My thumb gleefully hit the last four numbers. An Hermès collar for poor old Waffles!
The Nextel recording prompted me to enter my security code, and as I tapped it in, I watched Brian and Joe make their way through the crowded room. I recall, now, that Joe wore his “Yes, it’s me” expression—a shy half-smile, his gaze fixed just above the nudges and hungry glances that carried him along like a gentle wave. From behind me the man said, “I toldja! Joe Ferraro,” and then Joe Ferraro himself, grinning broadly now, slid into the chair beside me.

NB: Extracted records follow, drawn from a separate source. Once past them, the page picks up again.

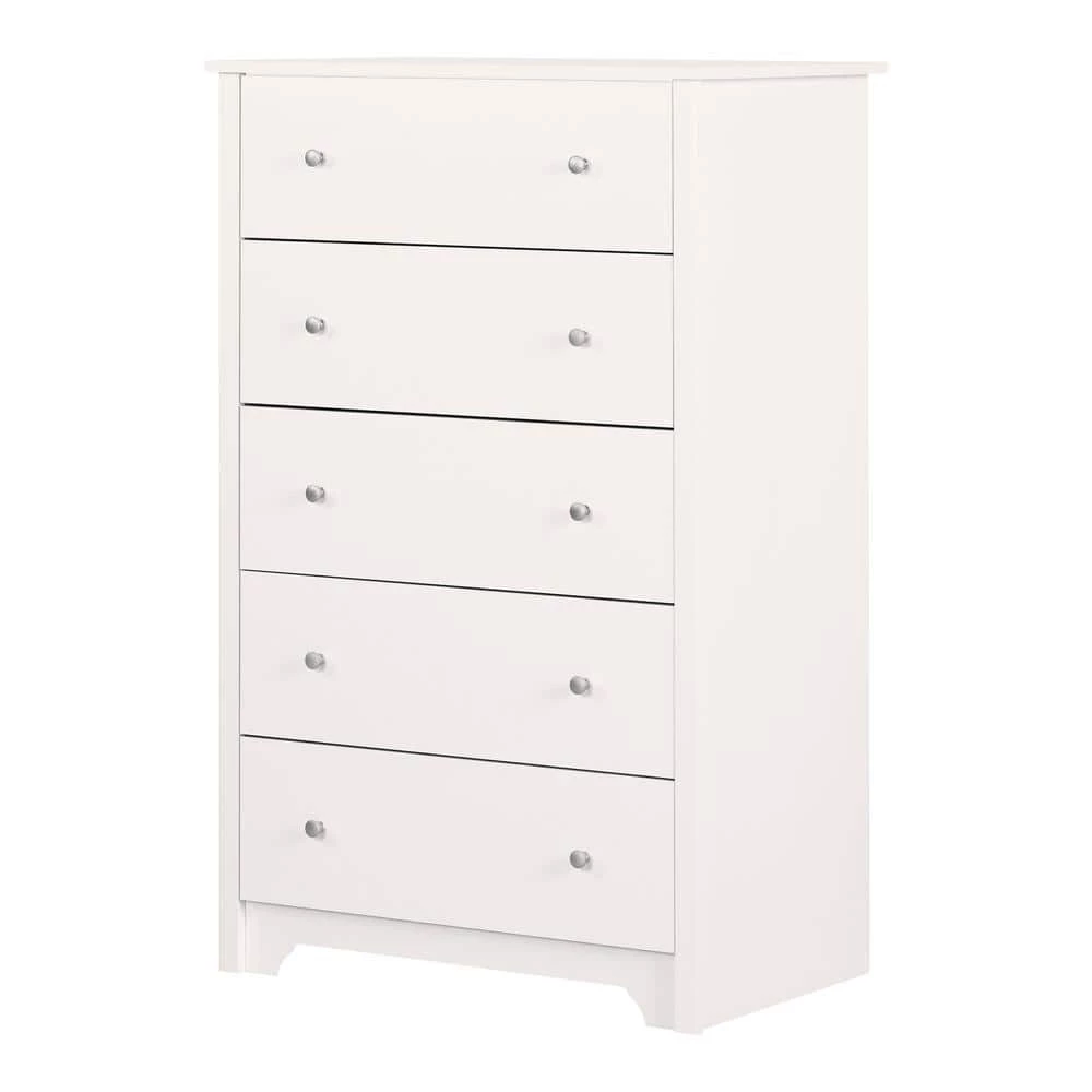 The Bel Air Pure White 5-Drawer Chest has a timeless look and blends easily in any decor. Drawer handles feature an elegant nickel finish. Its transitional style is perfect in juvenile, teen and adult bedroom. It goes well with modern as well as with traditional style.
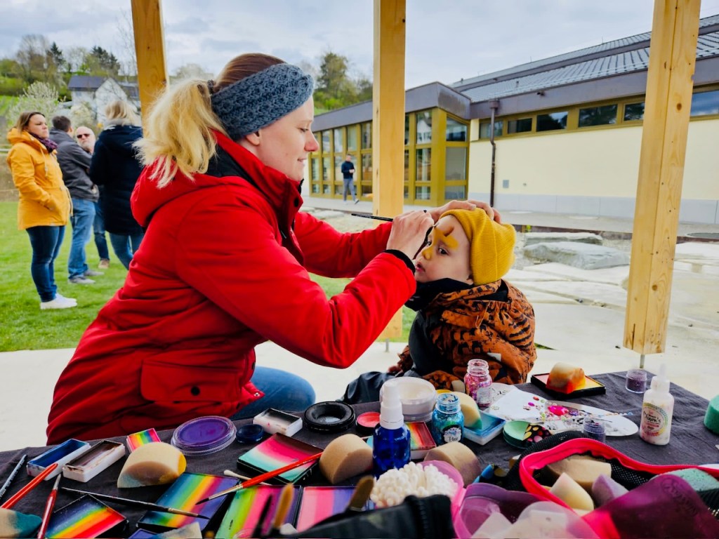Kinderschminken beim Tag der offenen Tür der Kita Kinderwerkstatt am Samstag, den 25. März 2023.
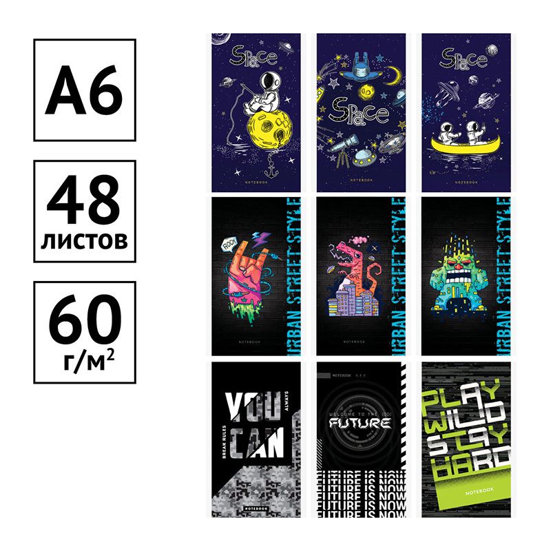 Блокнот А6 48л. на скрепке ArtSpace "Boys trend. Микс"
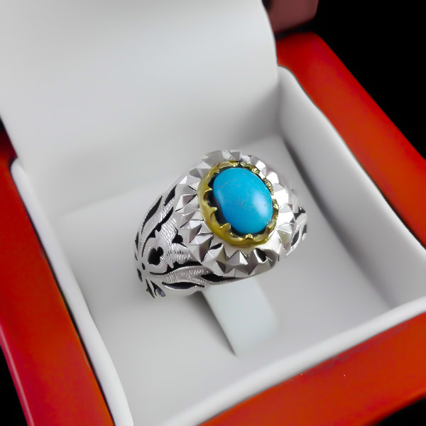 کیفیت ساخت این انگشتر بسیار بالا بوده و در ساخت آن از هنر شبکه زنی و آینه کاری استفاده شده است. این محصول ساخته دست هنرمندان این حرفه است. چنگ های طلایی رنگ انگشتر از جنس برنج بوده که با گذشت زمان تغییر رنگ نمی دهد. نگین انگشتر فیروزه نیشابوری اصل و معدنی می باشد. رنگ آبی زیبا نگین سبب جذابیت هرچه بیشتر انگشتر شده است. مزیت دیگر این نگین فیروزه پاک بودن آن (بدون رگه بودن آن) می باشد. جنس انگشتر از نقره با عیار ۹۲۵ بوده و قابلیت سایز شدن برای هر سایز انگشتی را دارد.
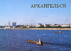 北ドヴィナ川の河口近くにある古い町。かつて海への出口の少なかったロシアにとって白海に近いこの町は交易の要衝であった。現在、市の郊外には広大な木造建築博物館がある。 (右;1989年,下1986年発行)
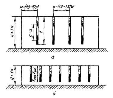 Расстояние между шпуровыми зарядами в ряду принимается в пределах (1,0 - 1,5) W, а между рядами зарядов (0,85 - 1,0) W.
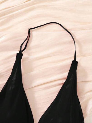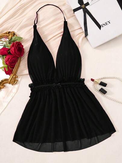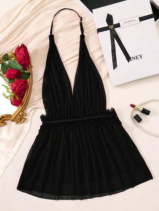 لانجيري حريمي فستان صيفي قطعة واحدة ، ثوب نوم شفاف منسوج ، ملابس داخلية مستوحاة من التصميم الإثاري ، رومبير مزين بتيدي بير بواسطة الرقبة الحالك ، حمالة مكشوفة الظهر بخط رقبة علي شكل حرف V منسوجة ، طقم ملابس داخلية كلاسيكي أسود إثاري
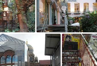 Subimos luego hasta el antiguo Mercado de Hackescher, la vieja plaza de ladrillo rojo reconvertida en estación de metro, centro cultural y zona de ambiente, con sus terrazas, sus pequeños teatros y sus mercadillos callejeros, alrededor de la cual se extiende una amplia red de calles y avenidas comerciales, cuyo eje principal gravita entre las calles Rosenthaler y Sophienstrasse, destacando el conjunto de patios conocido como Hackescher Hofe, un grupo de edificios modernistas que fueron vivienda, oficina o taller, hoy bellamente rehabilitados y unidos entre sí por pasadizos y placitas llenos de encanto, con arcos, patios ajardinados, fuentes, azulejos, exquisito mobiliario urbano y locales de nuevo diseño de todo tipo: tiendas, galerías, bares, restaurantes…no aptos para todos los bolsillos.
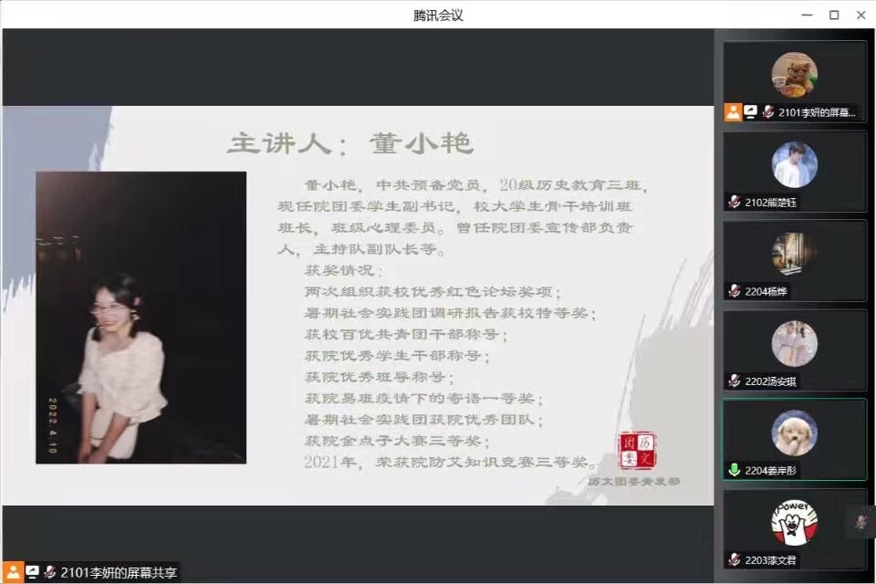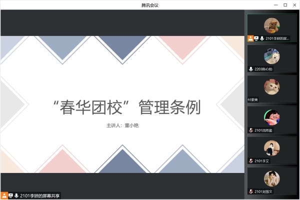 (通讯员 熊楚钰 李妍)10月20日中午,77779193永利官网春华团校“学习管理条例,加强团校建设”理论培训在线上开展。此次培训由历文院团委学生副书记董小艳、院团委青发部负责人李妍主讲,2021级、2022级春华团校全体学员参加此次培训。
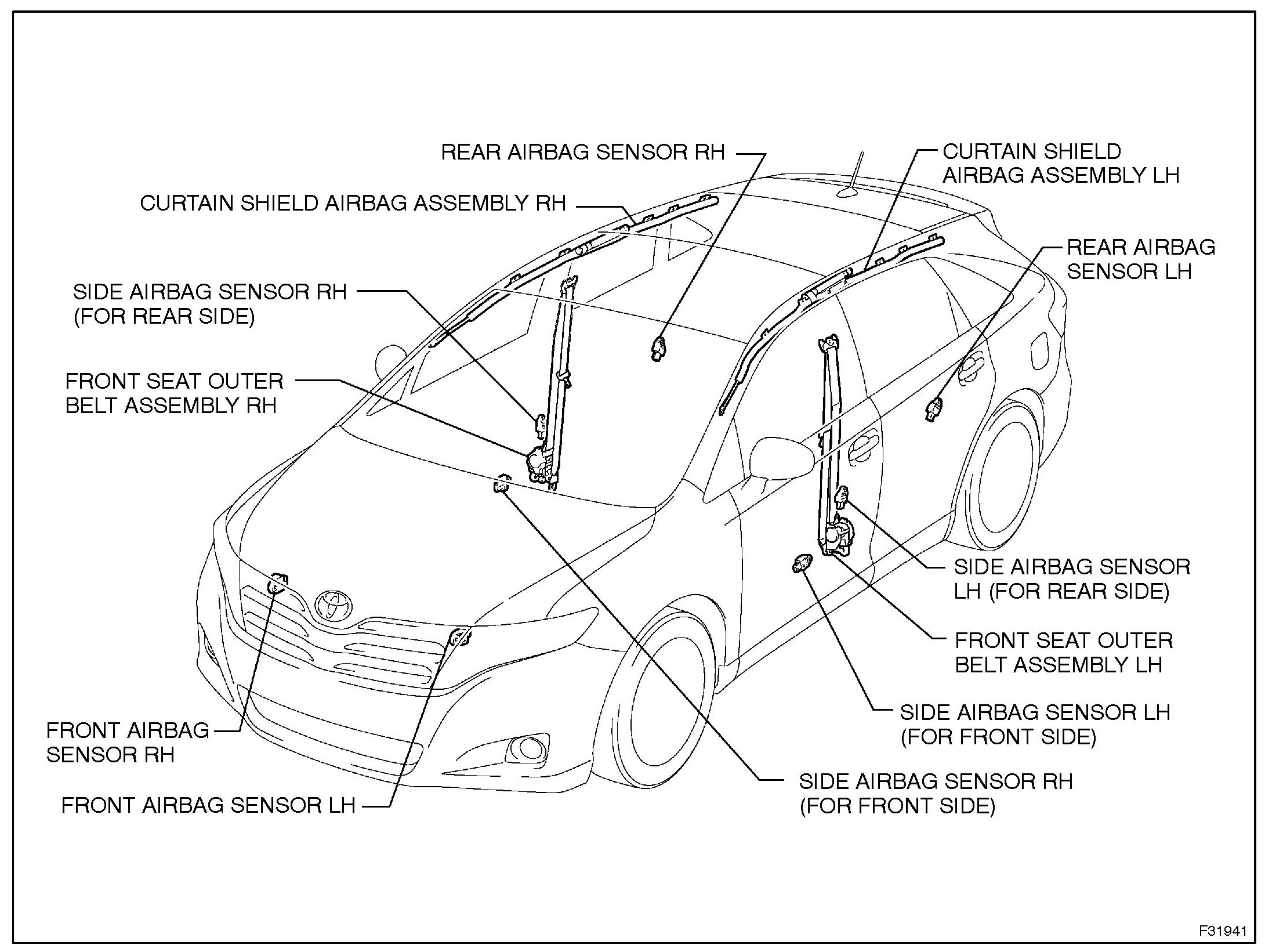 1 If impacts are likely to occur to the front airbag sensors, side airbag sensors, rear airbag sensors, or center airbag sensor remove each sensor as necessary beforehand.
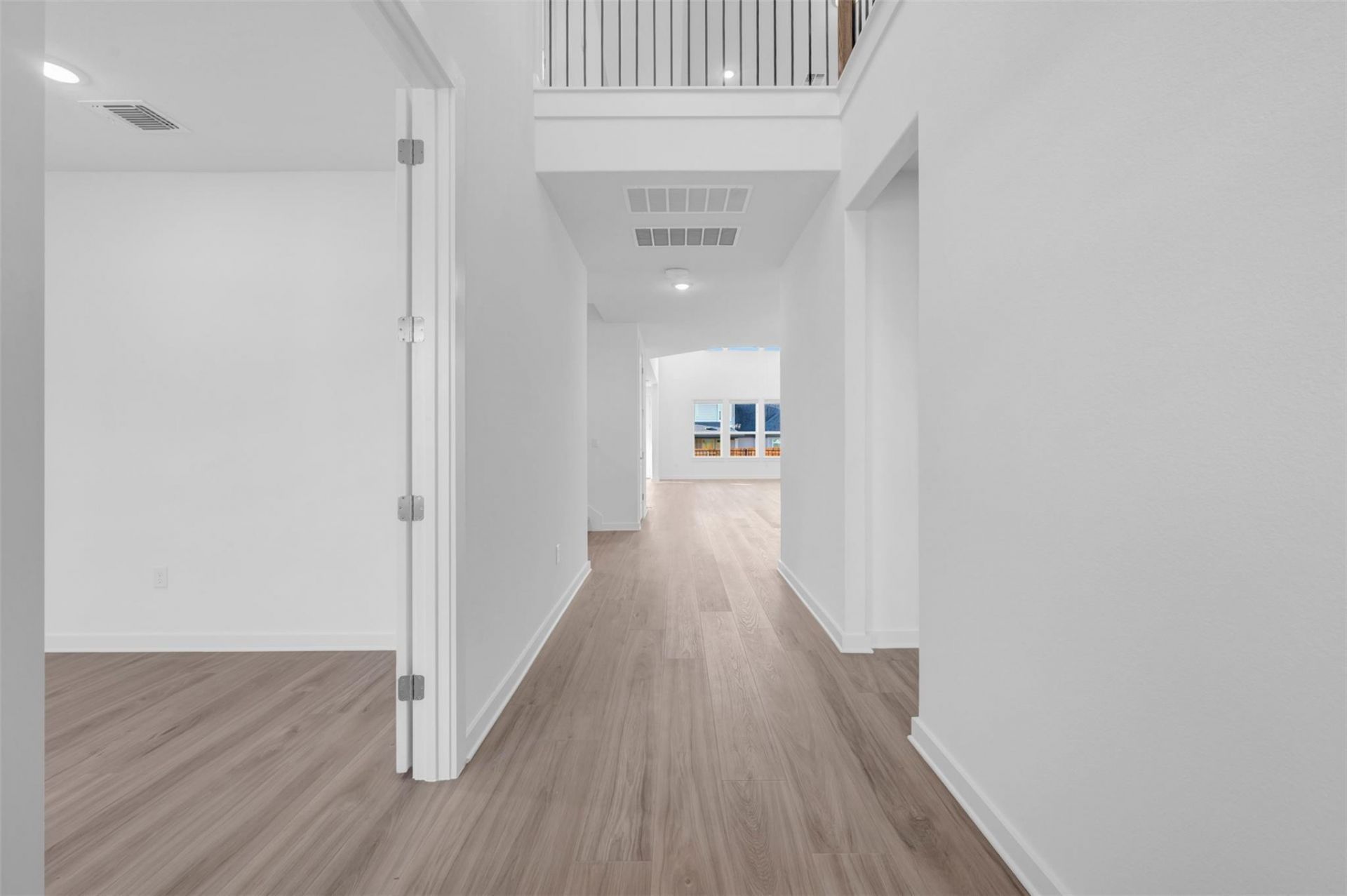Dickinson floor plan. This grand 4132sf home, with it's high ceilings, and extended kitchen cabinets, is a chef's dream! The gourmet kitchen opens to a large breakfast area and also a formal dining room. The owner's suite is downstairs and features a beautiful bay window and deluxe bath. The first floor also contains a study, formal dining room, and a secondary bedroom suite. The huge family room has two stories of windows and is open to below. An extended patio is complete with a gas line for outdoor cooking and overlooks the wonderful backyard. As for the upstairs, there is a large game room, off of which split 3 bedrooms and a media room. The home has three bedrooms with attached bath. This bright open concept 2 story has many upgrades! This home will be ready in April. Schedule a visit to see this home.

“Jesus Christ, we could hear you girls cackling all the way outside.”
“I love it,” said Karen. “We were cackling, Julia, like a pair of witches.”
“A pair of well-toned witches,” said Brian.
“I prefer sorceress,” I said, kissing Joe on his lips. “Somehow it sounds so much more attractive than witch.”
“They both sound evil. And sexy,” said Joe. “Who are you calling?”
“My voice mail. I just want to see if Ruby or Catalina called. . . .” I stopped talking then because the first message was playing.
“Hi, babe,” said a woman’s voice.
Who? The voice was Southern, I knew that at once. Just from those two words I knew.
“Thanks for the message. I can’t believe you had to ask if I’m happy, baby, you know I am. Where are you, Joey?”
Who?
I leaned away from Joe and he raised an eyebrow. “Everything all right?”
I nodded slowly, listening.
“I want to see you, babe.”
“Is it Catalina?” Joe asked, and I nodded again, still listening.
Joe turned to Karen and Brian. “You know, the first night Catalina babysat for us we thought she stole Ruby?”
“I’m horny as a motherfucker,” said my mysterious confessor.
My face burned. I felt waves of what must have been blood and adrenaline surging across my chest, shooting upward and then pounding against the top of my head. I was vaguely aware that Joe had launched into his “how we thought Catalina stole Ruby” anecdote. It’s one of his favorites.